Ariano Suassuna deve estar perguntando a Deus: “Por que existem uns felizes e outros que sofrem tanto, nascidos do mesmo jeito, criados no mesmo canto... quem foi temperar o choro e acabou salgando o pranto ?”.


Comentários

Carlos disse…
Grande Suassuna, Deus foi generoso com ele, ele se foi e não viveu neste Brasil de Bolsonaro.
Marta disse…
Ariano é daquelas pessoas que a gente passaria o dia inteiro ouvindo, admirando as histórias e aprendendo com seus ensinamentos e experiências. Que falta faz! ♥️
Raimundo Nonato disse…
Tenho uma profunda e respeitosa admiração ao homem, escritor e pessoa do Ariano Suassuna. Sua inteligência, lucidez é um exemplo par a todos nos. Valeu Ariano! Sua existência iluminou a minha.
Maravilhoso! Ariano Suassuna não poderia ser mortal, Deus poderia ter lhe dado vida eterna para esse ser Sábio, Bondoso que deixou uma biblioteca de bons ensinamentos!
Irineu disse…
Por que Existem o Mal e o Sofrimento Humano?
Leandro Gomes de Barros

Se eu conversasse com Deus
Iria lhe perguntar:
Por que é que sofremos tanto
Quando se chega pra cá?
Perguntaria também
Como é que ele é feito
Que não dorme, que não come
E assim vive satisfeito.
Por que é que ele não fez
A gente do mesmo jeito?

Por que existem uns felizes
E outros que sofrem tanto?
Nascemos do mesmo jeito,
Vivemos no mesmo canto.
Quem foi temperar o choro
E acabou salgando o pranto?

Sobre o autor:
Leandro Gomes de Barros

Leandro Gomes de Barros, paraibano nascido em 19/11/1865, na Fazenda da Melancia, no Município de Pombal, é considerado o rei dos poetas populares do seu tempo. Foi educado pela família do Padre Vicente Xavier de Farias, (1823-1907), proprietários da fazenda, e dos quais era sobrinho por parte de mãe. Em companhia da família "adotiva" mudou-se para a Vila do Teixeira, que se tornaria o berço da Literatura Popular nordestina, onde permaneceu até os 15 anos de idade tendo conhecido vários cantadores e poetas ilustres.

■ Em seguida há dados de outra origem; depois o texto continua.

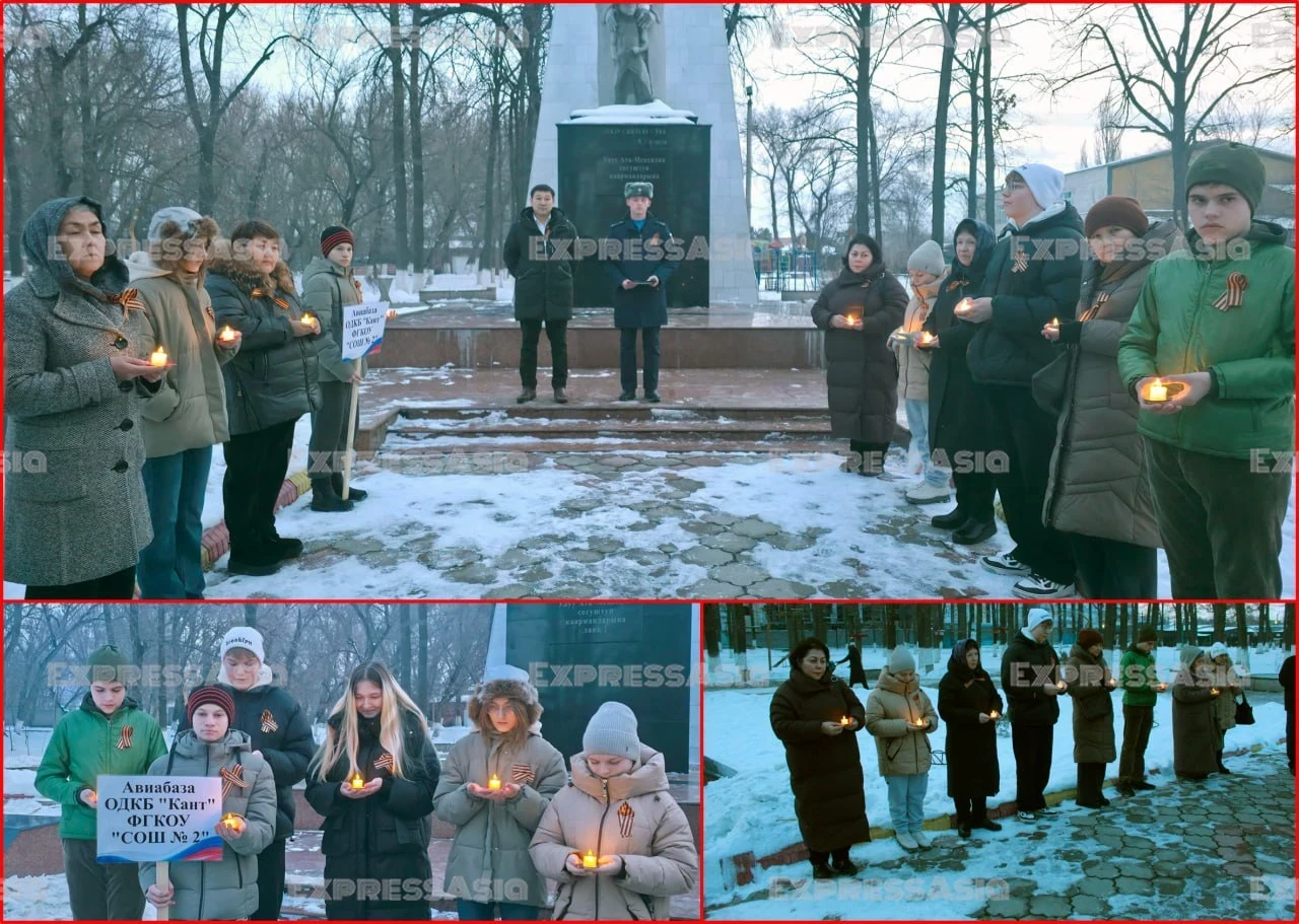 К памятнику героям Великой Отечественной войны собрались представители городской администрации, сотрудники Чуйской областной библиотеки, ученики местных школ и военнослужащие российской авиационной базы.

Do Teixeira vai para Pernambuco e fixa residência primeiramente em Jaboatão, onde morou até 1906, depois em Vitória de Santo Antão e a partir de 1907 no Recife onde viveu de aluguel em vários endereços, imprimindo a maior parte de sua obra poética no próprio prelo ou em diversas tipografias. Vale a pena transcrever o aviso no final de um poema, A Cura da Quebradeira, que demonstra suas constantes mudanças e o grande tino comercial:
"Leandro Gomes de Barros, avisa que está morando em Areias, Recife, e que remetterá pelo correio todos os folhetos de suas produções que lhe sejam pedidos”.

Sua atividade poética o obriga a viajar bastante por aqueles sertões para divulgar e vender seus poemas e tal fato é comentado por seus contemporâneos, João Martins de Ataíde e Francisco das Chagas Baptista:

"Voltando João Athayde
De Vitoria a Jaboatão
Quando chegou em Tapéra
Que saltou na estação
Encontrou Leandro Gomes
Entraram em conversação"

"Estava em Lagoa dos Carros,
O grande Chagas Batista,
Quando trouxeram-lhe à vista
Leandro Gomes de Barros,
que para comprar cigarros
tinha descido do trem (...)"

Foi um dos poucos poetas populares a viver unicamente de suas histórias rimadas, que foram centenas. Leandro versejou sobre todos os temas, sempre com muito senso de humor.

Suassuna recitou este poema que vocÊ citou Messias.